Павел молчал. Лицо у него менялось — медленно, с трудом, как лёд по весне.
— Последние полгода, — продолжила я, — Мария почти не вставала. Шура фактически жила у неё. Свой огород забросила, к своей родне не ездила. Сидела с Марией. Читала ей вслух, потому что у Марии глаза совсем плохие стали. Пела иногда — обе любили старые песни.
Анна заплакала — тихо, без истерики, просто слёзы пошли сами.
— Мы не знали, — прошептала она.
— Знали, — сказала я мягко, но честно. — Просто не хотели знать.
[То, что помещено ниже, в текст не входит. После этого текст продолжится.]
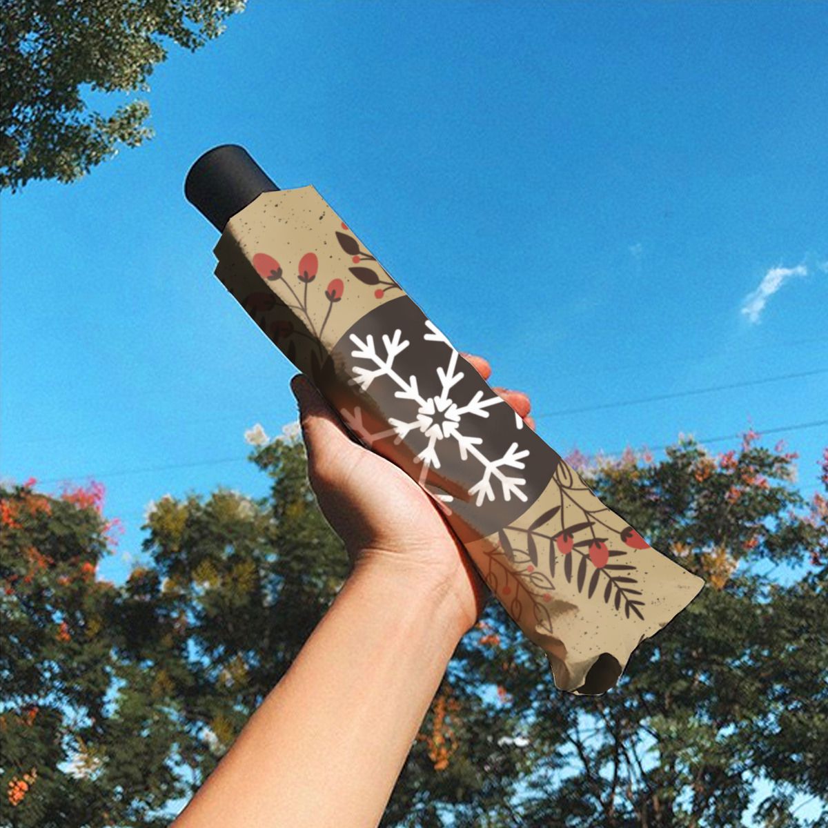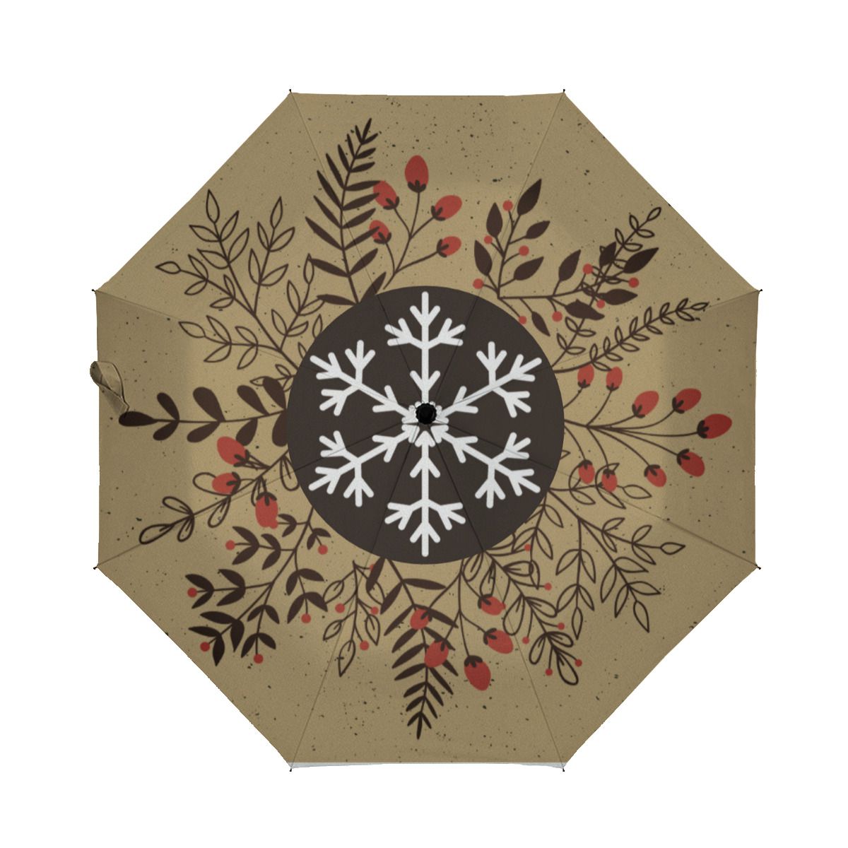 Rustic Christmas Floral Snowflake Holiday Brushed Polyester Umbrella No.FCTH4J

Это разные вещи.
Никто не возразил.
— Мария завещание оформила сама, в здравом уме, — сказал я. — Я была свидетелем, когда нотариус приезжал. Она всё понимала, всё помнила. Сказала нотариусу: «Дети у меня хорошие, они в жизни устроились, им моя изба не нужна. А Шура здесь живёт, здесь её жизнь, и она мне как дочь была в последние годы».
Павел сел на лавку у стены — тяжело, как старик.
Долго молчал.
— Она нам ничего не говорила, — сказал он наконец. Голос уже другой — не злой, просто усталый.
— А вы спрашивали? — спросила я. — Не «как дела, мам», а по-настоящему спрашивали — как она, не холодно ли зимой, есть ли кто рядом?
Пауза была долгой.
— Нет, — сказал Илья тихо. За всех троих.
Они ушли от меня молча. Я смотрела в окно, как идут по пыльной деревенской дороге — Павел впереди, Анна и Илья чуть сзади, все трое с опущенными головами.
На следующий день они пошли к Шуре. Я не знаю, что там говорилось — не слышала, не видела. Только потом Шура зашла ко мне за вечерними таблетками и сказала, не глядя особо:
— Помирились. Павел прощения просил. Плакал даже.
— Ну и слава богу, — сказала я.
— Сказали, что помогут с ремонтом избы. Илья строитель, говорит, крышу перекроют по осени.
Она помолчала, теребя ручку сумки.
— Валентина Семёновна, а Мария правда не обижалась на них? За то, что не приезжали?
Я подумала. Можно было сказать что-то утешительное, необязательное. Но Шура заслуживала правды.
— Скучала, — сказала я. — Очень скучала. Но не обижалась. Говорила: «Они хорошие, просто жизнь у них там своя». Она умела прощать, Мария наша.
Шура кивнула и вышла.
Я ещё долго сидела у окна. На улице клонилось к вечеру июньское солнце, тени от берёз вытянулись через всю дорогу. Где-то за огородами кричали дети — соседские внуки приехали на лето.
Думала я о том, что завещание — это не про дом. Никогда не про дом. Это про то, кто был рядом. Кто пришёл в метель. Кто читал вслух, когда глаза уже не видели. Кто пел старые песни.
Дом — это просто способ сказать спасибо. Единственный, который у Марии оставался.